This is a Java implementation of External Sorting using parallelism. External sorting is basically composed of two phases:
- Partition: partition the input file into a bunch of smaller sorted files.
- Merge: merge the sorted files into a single one, which is the output.
<dependency>
<groupId>com.htyleo.extsort</groupId>
<artifactId>extsort</artifactId>
<version>1.0.0</version>
</dependency>
ExternalSortConfig config = new ExternalSortConfig();
File sourceFile = new File("/sourceFile.txt");
File dstDir = new File("/dst");
File dstFile = ExternalSort.sort(sourceFile, dstDir, config);
http://www.javadoc.io/doc/com.htyleo.extsort/extsort/
- We use multi-threading to speed up the partition phase.
- During the partition phase, every line will be included in a certain partition in its entirety (i.e. no line will be partitioned in between).
- We treat the first and last several lines of the source file as header and tail, each of which will be written to a separate file. Consequently, after the partition phase, there will be a header file, a tail file and a bunch of (sorted) body files.

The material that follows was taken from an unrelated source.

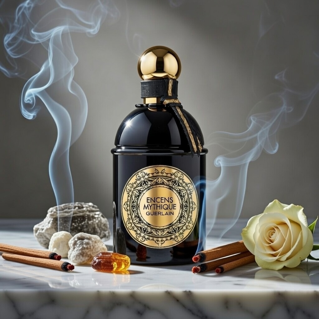 Frequently celebrated as a standout in Guerlain's Les Absolus d'Orient—incense-dominant, ambergris-salty, rose-powdery iconic, with a strikingly luxurious, contrasting vibe—Encens Mythique is described as uniting a sparkling aldehydes-rose-saffron opening, spicy pink pepper-patchouli-vetiver heart, and deep ambergris-olibanum-woody base (often praised as a "refined, addictive incense glow," opulent yet wearable, with powdery lift and sophisticated smoky depth). It’s a versatile cooler-season star (ideal for fall/winter evening mystique or year-round bold wear, perfect from intimate gatherings to sophisticated occasions) that consistently draws compliments for its powerful yet refined projection, elegant sillage, and irresistible unisex magnetism.
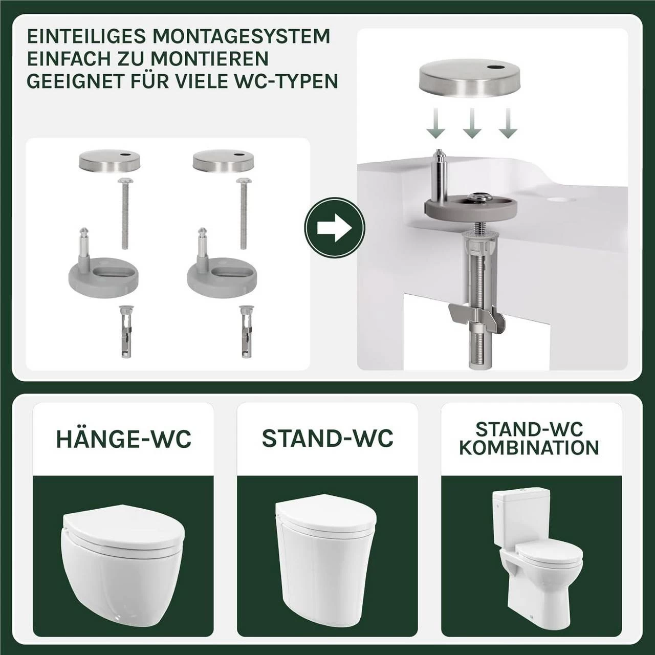 - Quick-Release-Funktion: Mit dem Druckknopf können Sie den Toilettensitz schnell abnehmen, um die WC-Schüssel und WC-Sitz gründlich zu reinigen. Für diesen WC-Sitz gibt es zwei Montagemöglichkeiten: einmal die Möglichkeit von oben und einmal von unten. Gleichzeitig liefern wir alle notwendigen Zubehörteile und Montagewerkzeugen sowie ausführliche Anleitungen, um die Montage so weit wie möglich zu erleichtern

- You can decide whether to ignore the leading and trailing blank lines in the source file.
- We support user-defined line filter and comparator.
The basic idea of this implementation is that we logically partition the file into smaller slices, each of which is then sorted in memory and written to file. Different slices are processed concurrently (i.e. by a pool of threads) in order to improve sorting speed. The memory used could be up to maxPoolSize * (slice size + buffer size).